Я взяла чайник, плеснула в крышечку чаю и передала ее сыну. Он оживился и сразу стал прихлебывать. Напившись, протянул мне крышку. Я замахнулась на Кэя, но он понял, что это игра, быстро увернулся и засмеялся, широко раскрывая рот. Вот и хорошо, подумала я.
Через два часа поезд остановился у маленького станционного здания, увитого вьюнком. Там в наш вагон села женщина с мальчиком. Завидев рядом с нами два свободных места, мальчуган поглядел на Кэя и, радостно запрыгав, уселся рядом с ним.
Подражая мальчугану, Кэй приподнялся, подпрыгнул и шлепнулся на свое место. Его мать поглядела на меня и рассмеялась.
По-видимому, это были деревенские жители. Их лица и руки покрывал коричневый загар, мальчишка был острижен наголо, на голове виднелись следы от царапин. Я смотрела на эти царапины и думала: насколько он здоровее Кэя. Но ведь и у Кэя на голове есть царапины, и если его постричь так же, он будет выглядеть таким же крепышом и озорником, как этот мальчуган.

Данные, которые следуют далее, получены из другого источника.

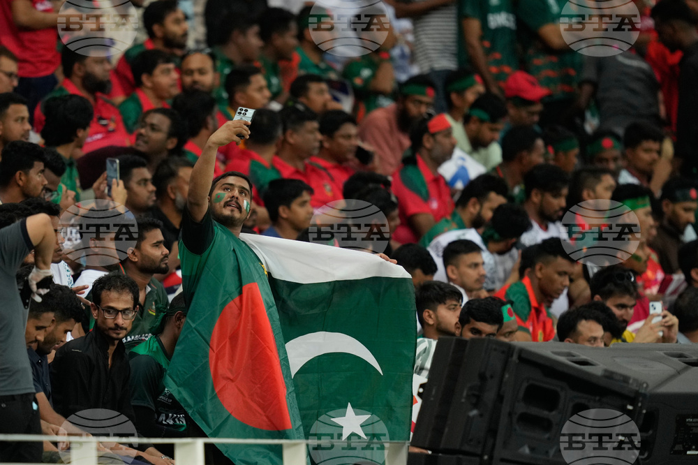 Fans stand during national anthem of both teams during the Asia Cup Cricket match between Bangladesh and Pakistan at Dubai International Cricket stadium in Dubai, United Arab Emirates, Thursday, Sept. 25, 2025. (AP Photo/Altaf Qadri)
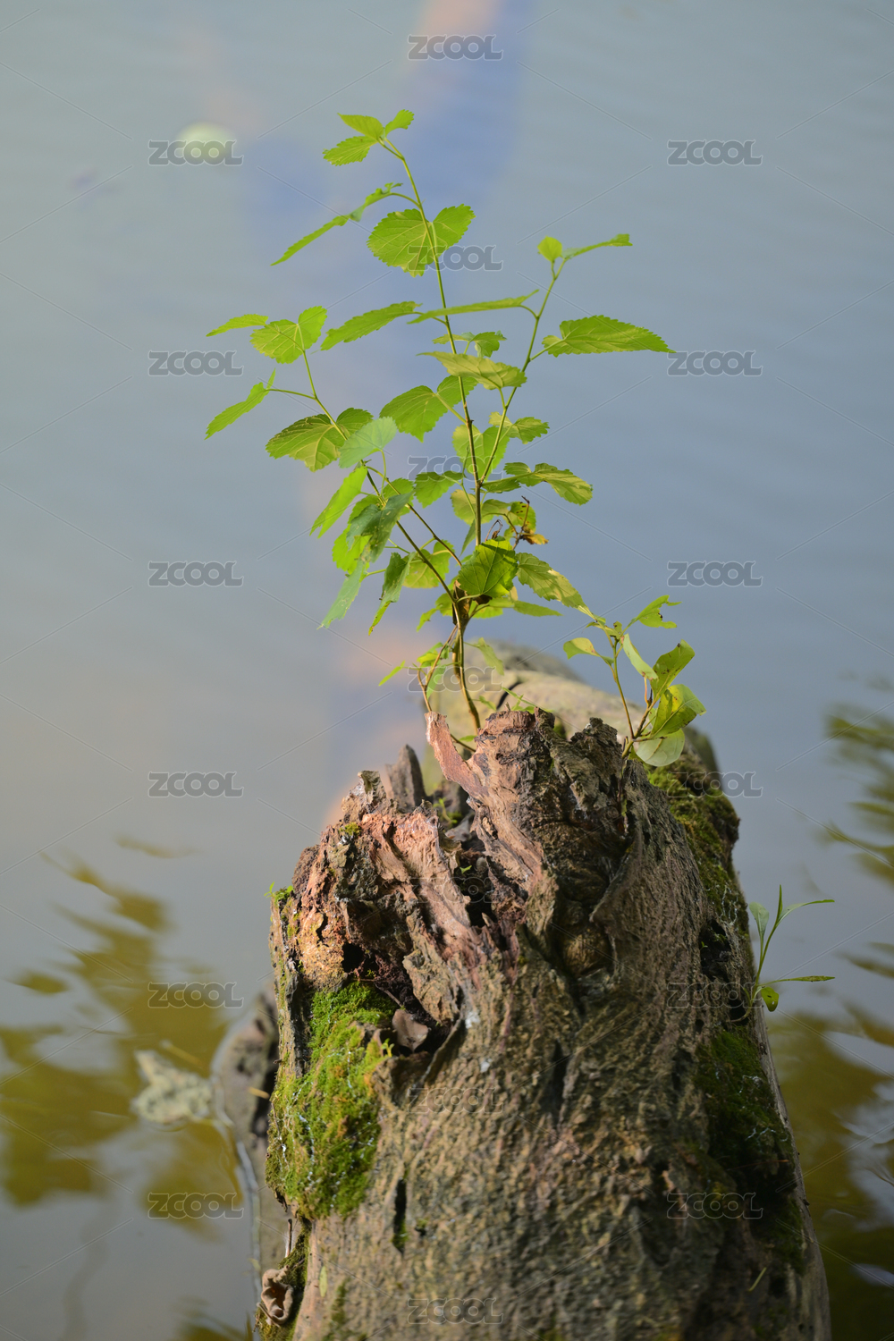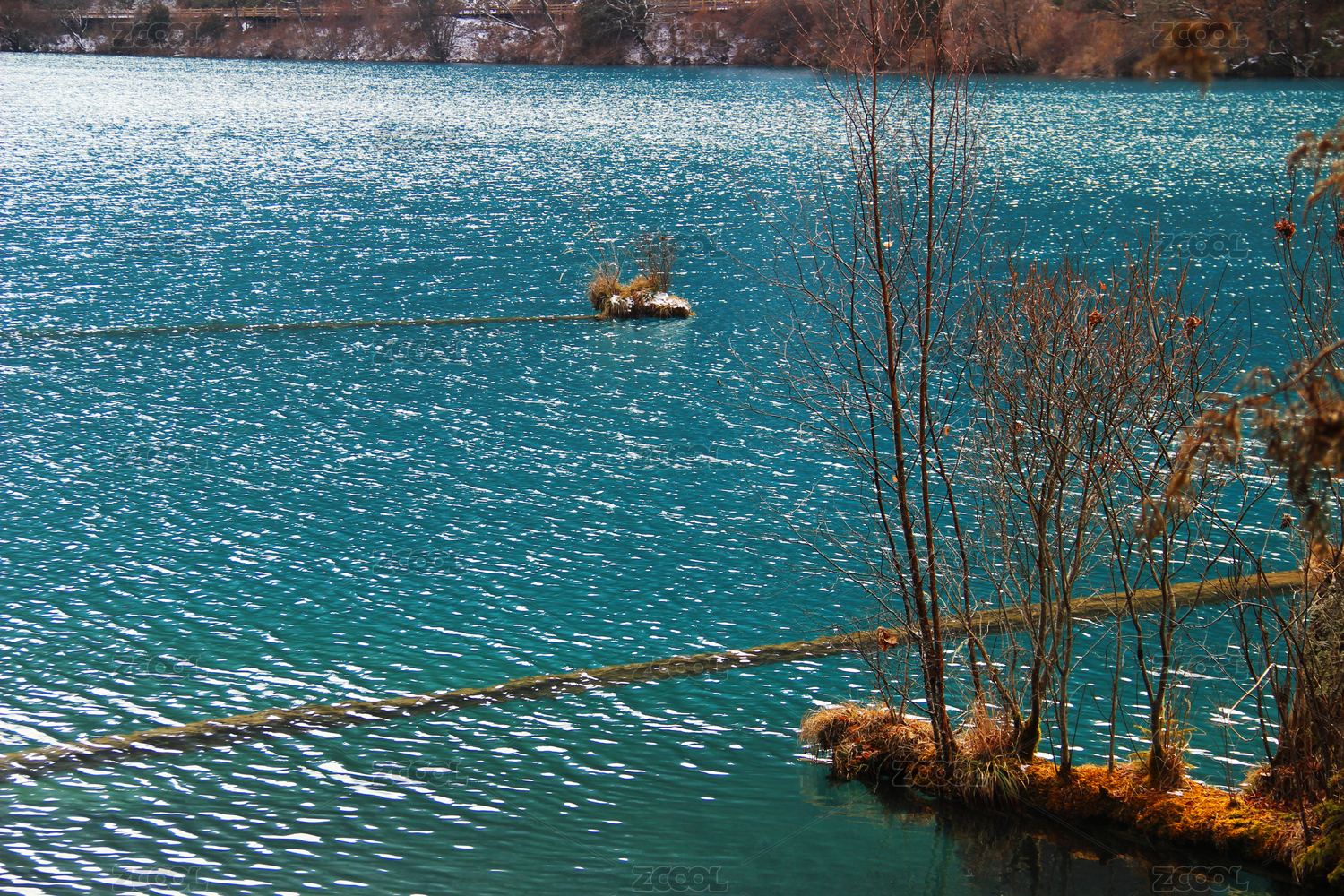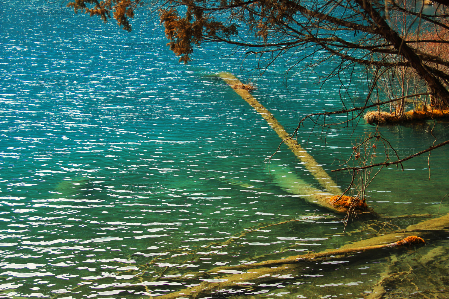 蓝绿色湖水与树枝

Ноги у мальчика толстые, с широкой костью. У Кэя же тоненькие, как спички. Потом я стала сравнивать: у кого из них шире грудь? Пожалуй, у Кэя. Напрасно я беспокоюсь, подумала я, не отрывая взгляда от груди Кэя, обтянутой рубашкой в красную и синюю полоску, Кэй физически развит не хуже, чем этот мальчуган.
— Тебе сколько? — спросила я у мальчика. Тот выставил один за другим четыре пальца и выкрикнул:
— Четыре!
И тут же Кэй раскрыл свою пятерню и сказал матери мальчугана:
— А мне пять!
— Надо говорить: «Мне пять лет», — поправила его я.
— Молодец! — засмеялась женщина, по очереди разглядывая ребят.
Вскоре дети уснули. Задремала и женщина.
По мере того как мы удалялись на север, ветви деревьев за окном все более тянулись вверх, к небу. Не то что на юге, где-нибудь в Нагасаки. Там деревья раскидистые, с широкими кронами. Может, здесь, на севере, они так тянутся вверх, чтобы не обломиться под тяжестью снега? Своего рода мера предосторожности, самообороны, что ли... Должно быть, растения здесь выбирают наиболее подходящий способ существования, однако пейзаж с деревьями, не способными свободно расти вширь, навевает грусть.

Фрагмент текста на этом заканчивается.